Could you repeat, exactly and with no pictures, only the lines from the start of the records through the line containing "ニュージーランド統計局(St"?

##############################

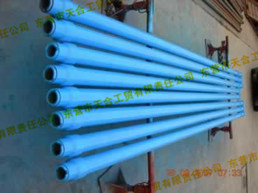 概述:油井中由于抽油泵不斷地抽吸原油,使地層砂進(jìn)入井底、井下積砂、埋油層,造成停產(chǎn)。目前,井下積砂都是用沖砂的辦法把砂子沖到地面上來。但是這樣沖砂的辦法還有很多不足:如沖砂時(shí)必須有泵車、罐車,成本高,尤其是當(dāng)井漏時(shí),砂子不僅沖不出來,而且砂子隨井液進(jìn)入油層而造成油層污染。CB-TH-70×4000、CB-TH-83×4000型快速抽砂裝置是我公司從油層保護(hù)的角度設(shè)計(jì)出的能把井底砂全部取出的新裝置,它不用泵車進(jìn)行水循環(huán)沖砂,而是用通井機(jī)起下油管上下移動(dòng),即可把砂子吸入油管中,提出油管把砂子帶到地面上來,完全避免了沖砂的弱點(diǎn)。
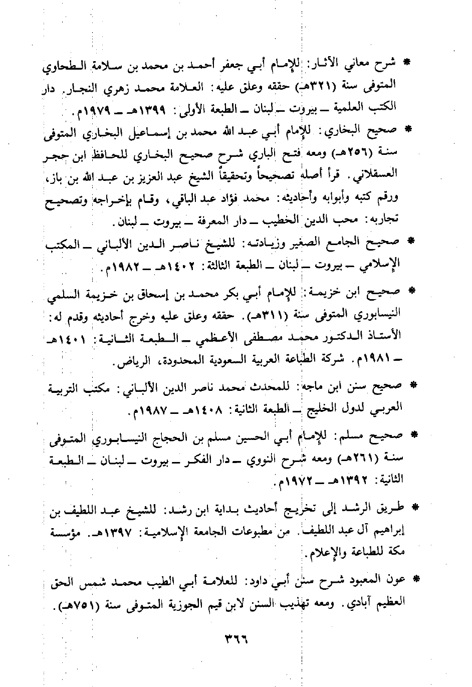 * صحيح البخاري: للإمام أبي عبد الله محمد بن إسماعيل البخاري المتوفى سنة (256 هـ) ومعه فتح الباري شرح صحيح البخاري للحافظ ابن حجر العسقلاني. قرأ أصله تصحيحًا وتحقيقًا الشيخ عبد العزيز بن عبد اله بن باز، ورقم كتبه وأبوابه وأحاديثه: محمد فؤاد عبد الباقي، وقام بإخراجه وتصحيح تجاربه: محب الدين الخطيب - دار المعرفة - بيروت - لبنان.
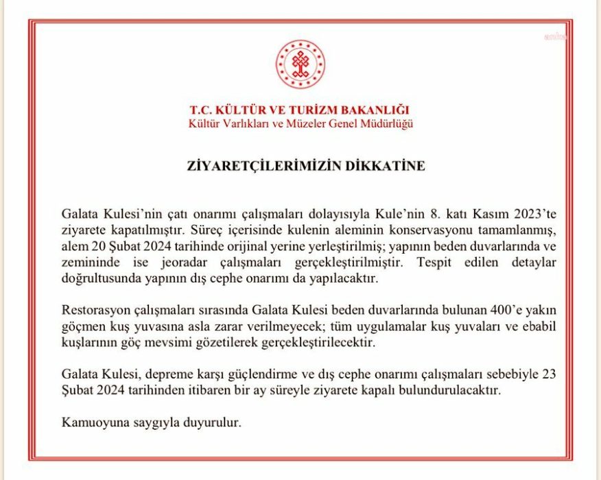Restorasyon çalışmaları sırasında Galata Kulesi beden duvarlarında bulunan 400’e yakın göçmen kuş yuvasına asla zarar verilmeyecek; tüm uygulamalar kuş yuvaları ve ebabil kuşlarının göç mevsimi gözetilerek gerçekleştirilecektir. Galata Kulesi, depreme karşı güçlendirme ve dış cephe onarım çalışmaları sebebiyle, 23 Şubat 2024 tarihinden itibaren 1 ay süreyle ziyarete kapalı bulundurulacaktır.”
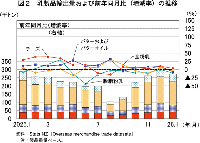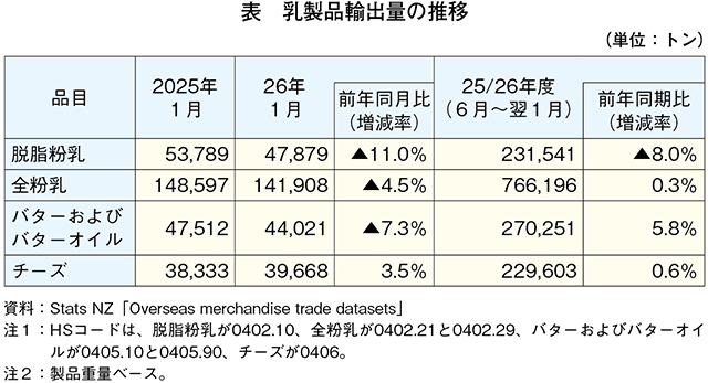 ニュージーランド統計局(Stats NZ)によると、2026年1月の乳製品輸出量は、チーズを除く主要3品目で前年同月を下回った(表、図2)。品目別に見ると、チーズは中国向けが増加した一方、脱脂粉乳は中国向け、全粉乳はインドネシア、バングラデシュ向け、バターおよびバターオイルは中国、豪州向けが、いずれも減少した。年度累計(25年6月〜翌1月)では、脱脂粉乳を除く主要3品目が前年同期を上回った。
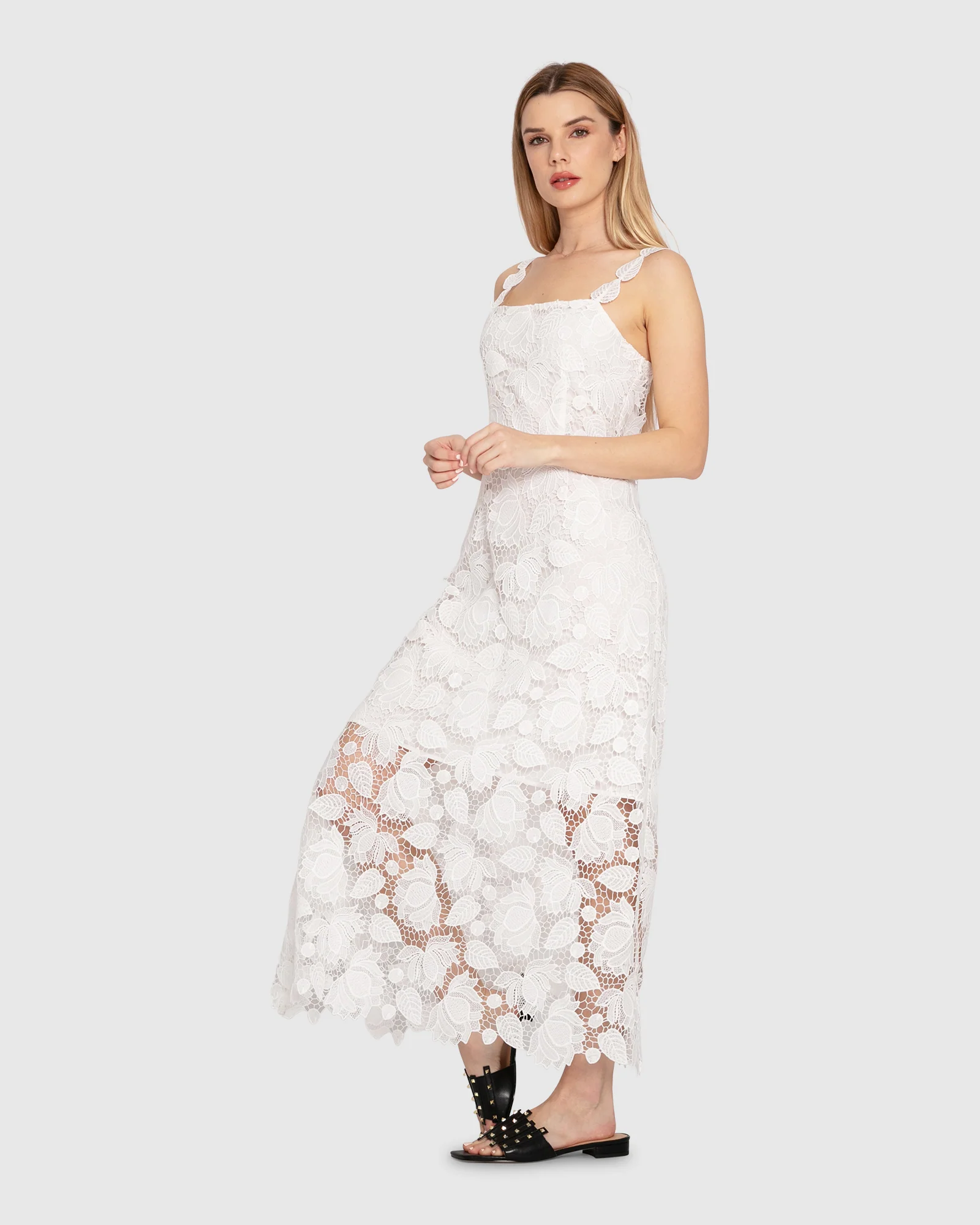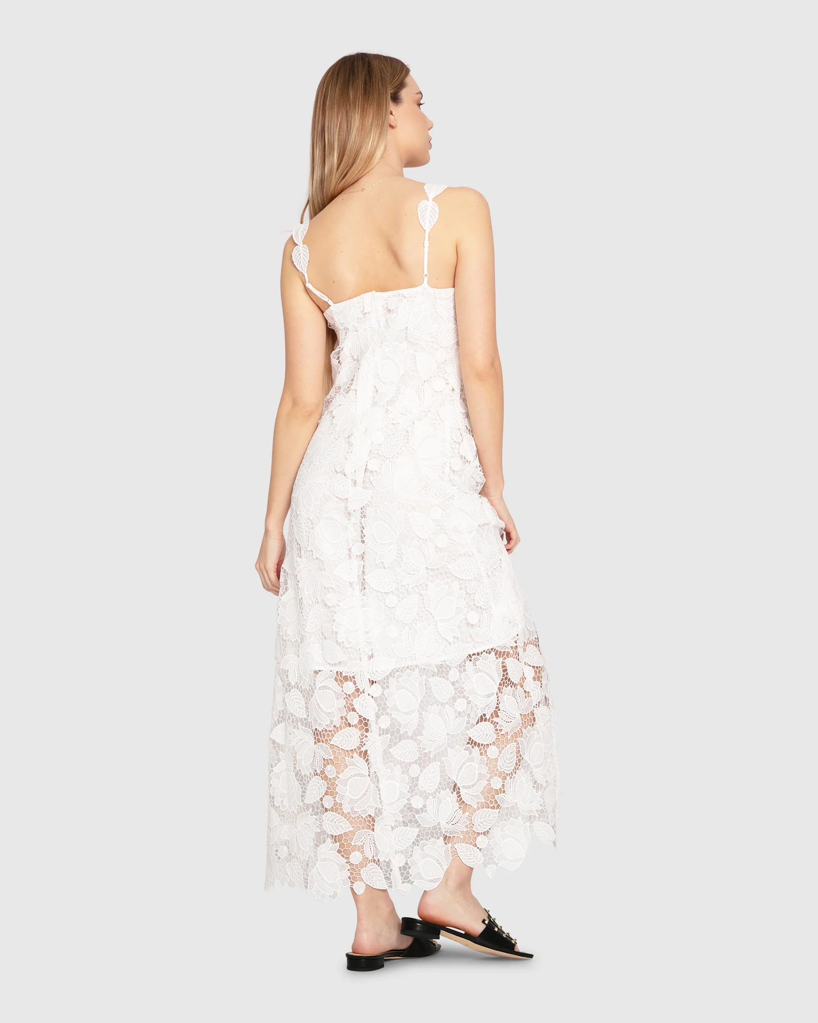 The Songbird Lace Maxi Dress is the perfect combination of bohemian and modern city styling. Featuring adjustable straps with lace motif details, a half lining for a light and breezy summer feel and a scalloped hem that showcases the intricate custom lace design.
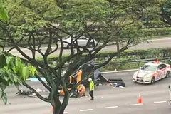வெள்ளை நிற டொயோட்டா கார் ஒன்று குப்புறச் சாய்ந்து கிடப்பதையும் சிறு சேதத்துடன் இருந்த மற்றொரு நீலநிறக் காரையும் விபத்துக்குப் பின்னர் எடுக்கப்பட்ட புகைப்படங்கள் காட்டின.
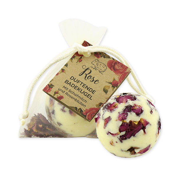 Badebutter-Kugel mit Schafmilch 50g im Organzasackerl "Wohlfühlzeit", Rose mit Blüten

##############################

SOLUTION BELOW -
 概述:油井中由于抽油泵不斷地抽吸原油,使地層砂進(jìn)入井底、井下積砂、埋油層,造成停產(chǎn)。目前,井下積砂都是用沖砂的辦法把砂子沖到地面上來。但是這樣沖砂的辦法還有很多不足:如沖砂時(shí)必須有泵車、罐車,成本高,尤其是當(dāng)井漏時(shí),砂子不僅沖不出來,而且砂子隨井液進(jìn)入油層而造成油層污染。CB-TH-70×4000、CB-TH-83×4000型快速抽砂裝置是我公司從油層保護(hù)的角度設(shè)計(jì)出的能把井底砂全部取出的新裝置,它不用泵車進(jìn)行水循環(huán)沖砂,而是用通井機(jī)起下油管上下移動(dòng),即可把砂子吸入油管中,提出油管把砂子帶到地面上來,完全避免了沖砂的弱點(diǎn)。
 * صحيح البخاري: للإمام أبي عبد الله محمد بن إسماعيل البخاري المتوفى سنة (256 هـ) ومعه فتح الباري شرح صحيح البخاري للحافظ ابن حجر العسقلاني. قرأ أصله تصحيحًا وتحقيقًا الشيخ عبد العزيز بن عبد اله بن باز، ورقم كتبه وأبوابه وأحاديثه: محمد فؤاد عبد الباقي، وقام بإخراجه وتصحيح تجاربه: محب الدين الخطيب - دار المعرفة - بيروت - لبنان.
Restorasyon çalışmaları sırasında Galata Kulesi beden duvarlarında bulunan 400’e yakın göçmen kuş yuvasına asla zarar verilmeyecek; tüm uygulamalar kuş yuvaları ve ebabil kuşlarının göç mevsimi gözetilerek gerçekleştirilecektir. Galata Kulesi, depreme karşı güçlendirme ve dış cephe onarım çalışmaları sebebiyle, 23 Şubat 2024 tarihinden itibaren 1 ay süreyle ziyarete kapalı bulundurulacaktır.”
 ニュージーランド統計局(Stats NZ)によると、2026年1月の乳製品輸出量は、チーズを除く主要3品目で前年同月を下回った(表、図2)。品目別に見ると、チーズは中国向けが増加した一方、脱脂粉乳は中国向け、全粉乳はインドネシア、バングラデシュ向け、バターおよびバターオイルは中国、豪州向けが、いずれも減少した。年度累計(25年6月〜翌1月)では、脱脂粉乳を除く主要3品目が前年同期を上回った。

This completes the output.